The sensitivity and specificity of conventional plain radiographs for trapezium or trapezoid fractures are poor. One case series of 137 carpal fractures that used CT as the gold standard reported a sensitivity of 18 percent for detecting trapezium fractures with plain radiographs, while none of four trapezoid fractures were identified [5]. A similar study of 38 carpal fractures reported a sensitivity of 67 percent [4], while small retrospective case series have reported 33 [11] to 64 percent [8].

Advanced imaging — CT is highly accurate for identifying fracture or dislocation and for assessing joint surfaces when there is a question of intra-articular displacement. MRI has additional value in detecting both acute and chronic bony and soft tissue injuries [17]. If significant soft tissue injury (eg, ligament rupture or dislocation) is suspected, MRI should be obtained (image 11A-C and image 12).

Cone beam CT (CBCT) provides higher-resolution images, involves 90 percent less radiation exposure, and can be performed more quickly than conventional CT. In prospective observational case series, CBCT has demonstrated greater sensitivity than plain radiographs in detecting radiocarpal fractures. In patients with clinically suspected wrist fracture but negative plain radiographs (ie, occult fracture), CBCT detected radial or carpal fractures in 50 to 75 percent [18-21]. In two of these studies, trapezium fractures represented about 20 percent of the occult fractures, a slightly higher incidence than even scaphoid fracture [18,22]. These findings emphasize the importance of keeping a high index of suspicion for trapezium fracture in the presence of anatomic snuffbox tenderness despite negative radiographs. CBCT may be a useful tool in this setting.

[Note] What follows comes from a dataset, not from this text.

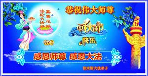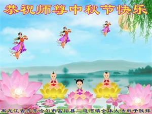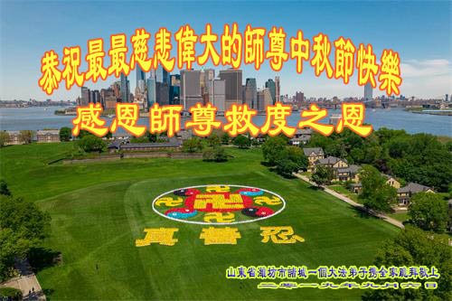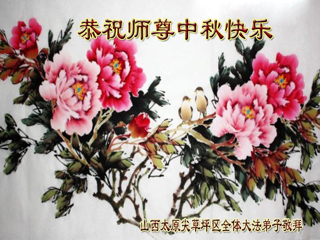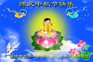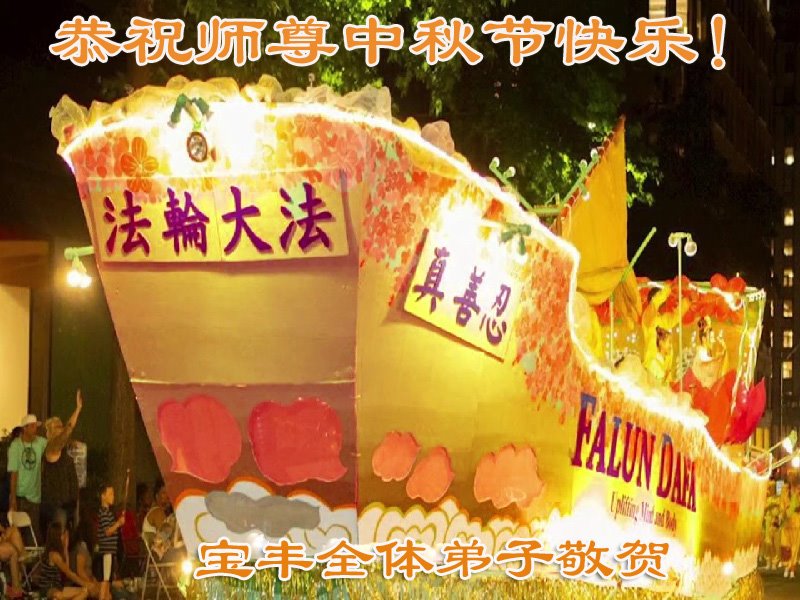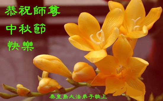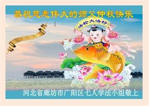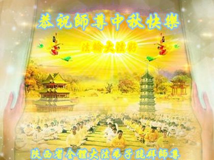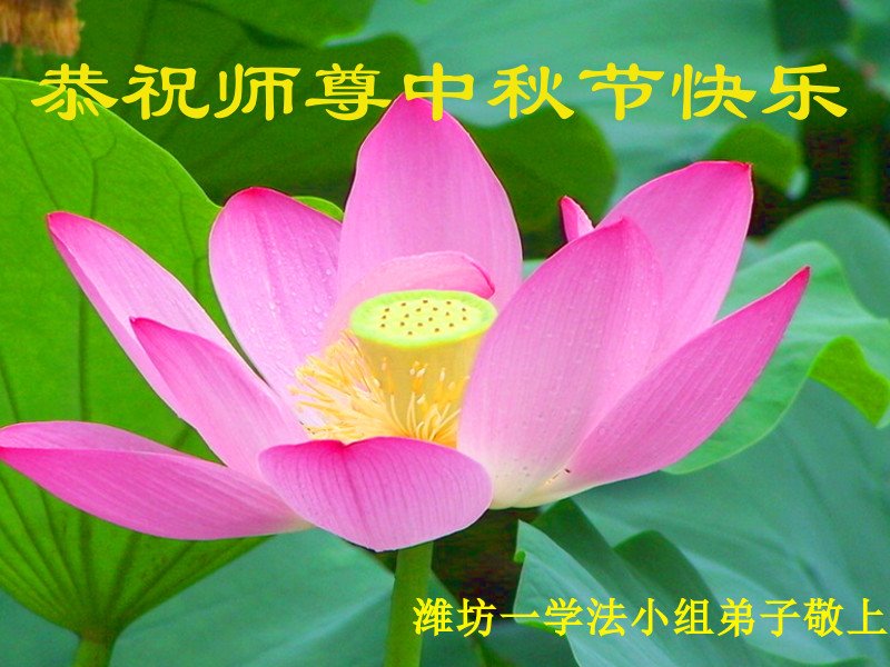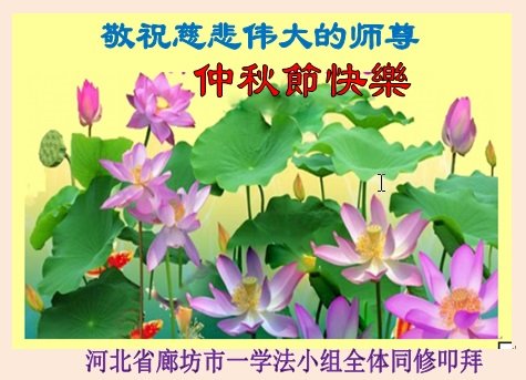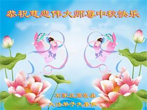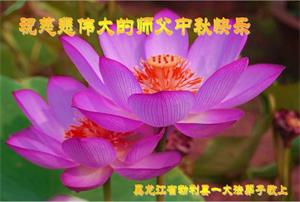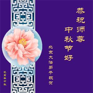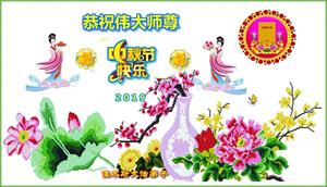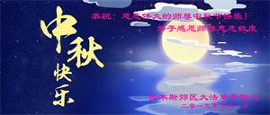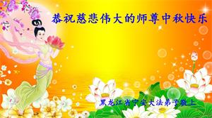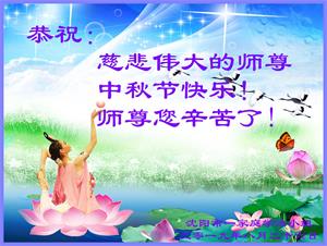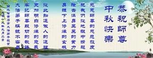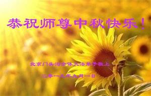 ![]() 图1:中国传统的中秋节即将来临之际,多伦多法轮功学员恭祝师父中秋节快乐! |

DIAGNOSIS — The diagnosis of trapezium or trapezoid fracture may be made by plain radiograph in conjunction with a suggestive history and examination findings. However, as plain radiographs demonstrate poor sensitivity for both fractures, conventional computed tomography (CT), cone beam CT (CBCT), or magnetic resonance imaging (MRI) may be needed when fracture is suspected but initial radiographs are normal and a definitive diagnosis is required. Advanced imaging is useful for detecting the concomitant injuries that are frequently present.

DIFFERENTIAL DIAGNOSIS — Diagnoses that may coincide with or be confused with a trapezium or trapezoid fracture include those described below. The differential diagnosis for acute wrist pain is discussed in detail separately. (See "Evaluation of the patient with thumb pain" and "Evaluation of the adult with acute wrist pain" and "Lunate fractures and perilunate injuries".)

Fractures of the trapezium or trapezoid frequently occur along with other injuries of the wrist or hand. As an example, a large retrospective series reported that 95 percent of trapezoid fractures were associated with concurrent wrist injuries [11].

Fracture of scaphoid or other carpal bones — Radial-sided wrist pain following trauma may be due to fracture of the distal radius, scaphoid (the most commonly fractured carpal bone), capitate, lunate, or any combination of these bones. Tenderness may be diffuse at the radial aspect of the wrist. Snuffbox tenderness (figure 5 and picture 5) is suggestive but not diagnostic of scaphoid fracture; note that the trapezium also lies at the distal end of the snuffbox. Diagnostic imaging to identify such fractures should include standard wrist and scaphoid views (image 13), but advanced imaging may be required if a definitive diagnosis is needed. (See "Overview of carpal fractures" and "Scaphoid fractures" and "Capitate fractures".)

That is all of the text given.